[[ Given information, beginning ]]

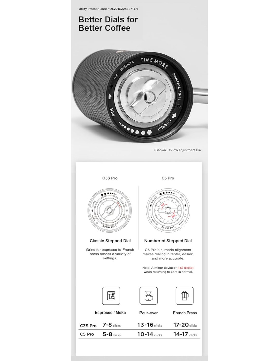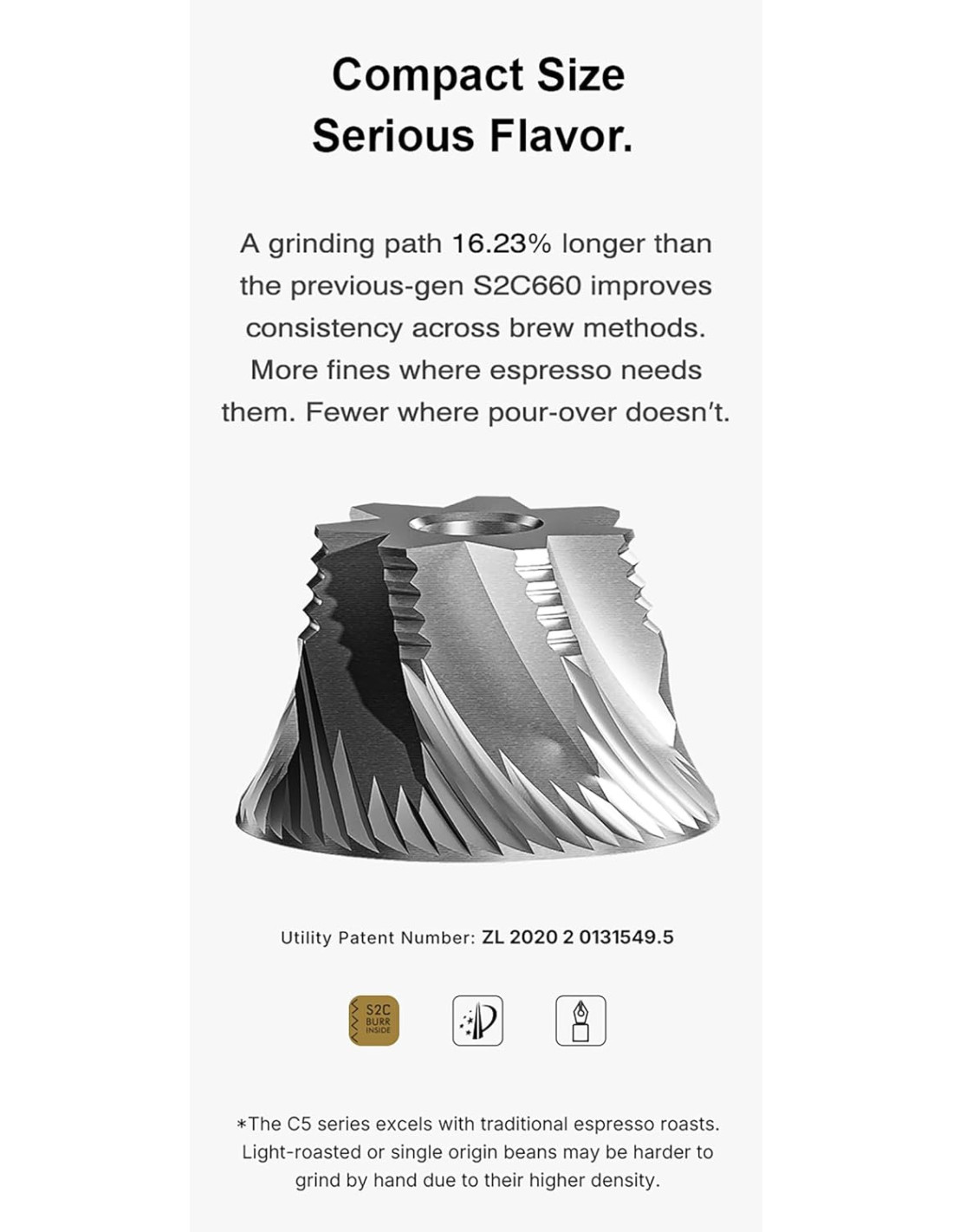 Ruční mlýnek Timemore C5 Pro Black z nové generace řady C přináší mimořádnou kombinaci přesnosti, výkonu a odolnosti. Je vybaven inovovanými mlecími kameny S2C-042-III o průměru 42 mm, které umožňují rychlejší, rovnoměrnější a stabilnější mletí než předchozí modely.
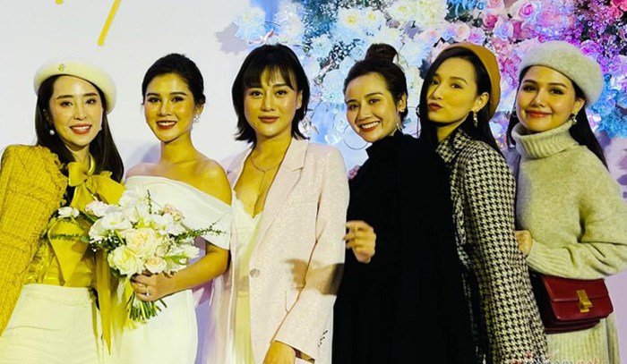 Phương Oanh gợi cảm với thềm ngực nửa kín nửa hở khi chụp hình kỷ niệm cùng cô dâu và bạn bè.
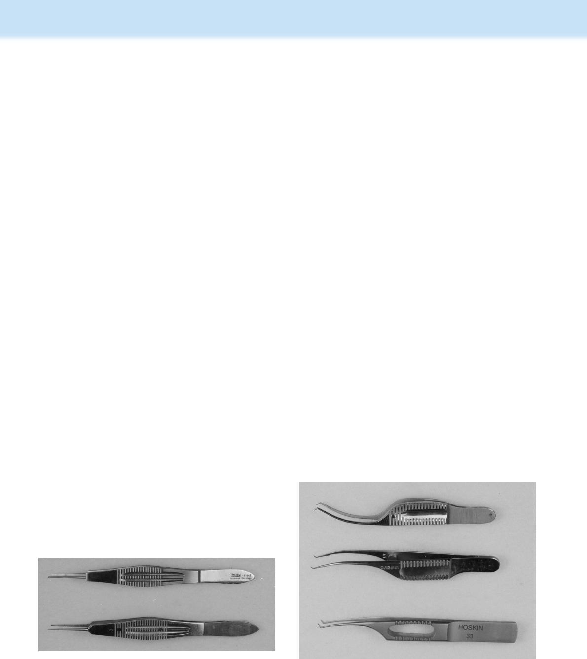 The major difference of the ophthalmic tissue forceps is their tips, which have highly specialized indications (Table 1.1). In selecting these tissue forceps, one should handle them individually and use those forceps that feel the most comfortable to the surgeon.
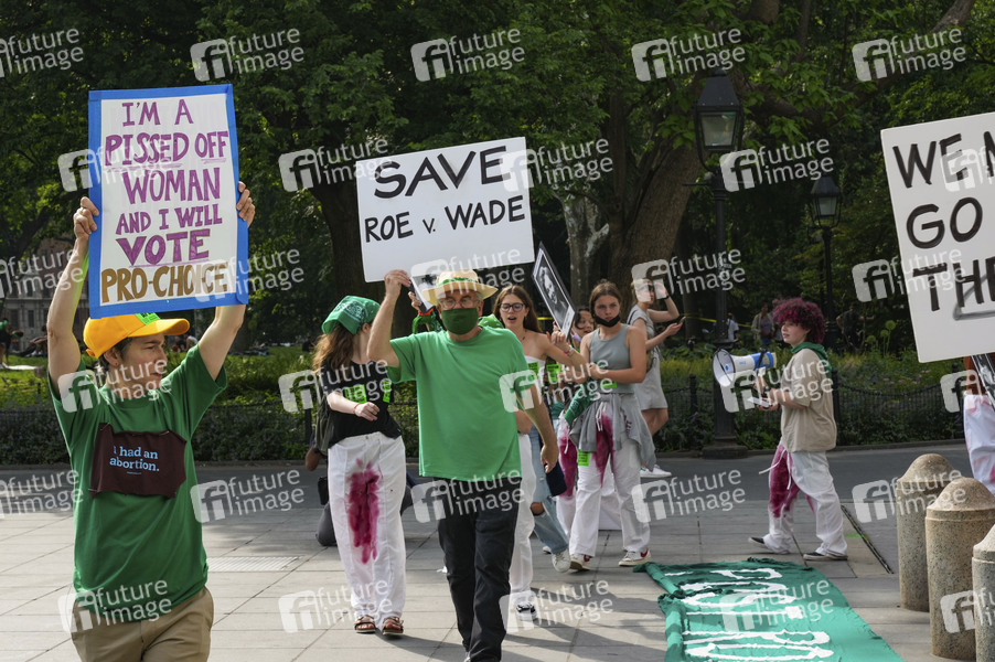 Demonstration für Abtreibungsrechte im Washington Square Park. Mehrere US-Organisationen, die das Recht auf Abtreibung unterstützen, riefen am 14. Mai zu landesweiten Protesten auf, nachdem ein durchgesickerter Gutachtenentwurf zeigte, dass der Oberste Gerichtshof der USA plane, seine wegweisende Grundsatzentscheidung zum Abtreibungsrecht Roe v. Wade aufzuheben. New York, 03.06.2022

[[ Given information, end ]]

# [Prompt]
The result should be an exact copy of the material, containing no pictures.

# [Task output]
 Ruční mlýnek Timemore C5 Pro Black z nové generace řady C přináší mimořádnou kombinaci přesnosti, výkonu a odolnosti. Je vybaven inovovanými mlecími kameny S2C-042-III o průměru 42 mm, které umožňují rychlejší, rovnoměrnější a stabilnější mletí než předchozí modely.
 Phương Oanh gợi cảm với thềm ngực nửa kín nửa hở khi chụp hình kỷ niệm cùng cô dâu và bạn bè.
 The major difference of the ophthalmic tissue forceps is their tips, which have highly specialized indications (Table 1.1). In selecting these tissue forceps, one should handle them individually and use those forceps that feel the most comfortable to the surgeon.
 Demonstration für Abtreibungsrechte im Washington Square Park. Mehrere US-Organisationen, die das Recht auf Abtreibung unterstützen, riefen am 14. Mai zu landesweiten Protesten auf, nachdem ein durchgesickerter Gutachtenentwurf zeigte, dass der Oberste Gerichtshof der USA plane, seine wegweisende Grundsatzentscheidung zum Abtreibungsrecht Roe v. Wade aufzuheben. New York, 03.06.2022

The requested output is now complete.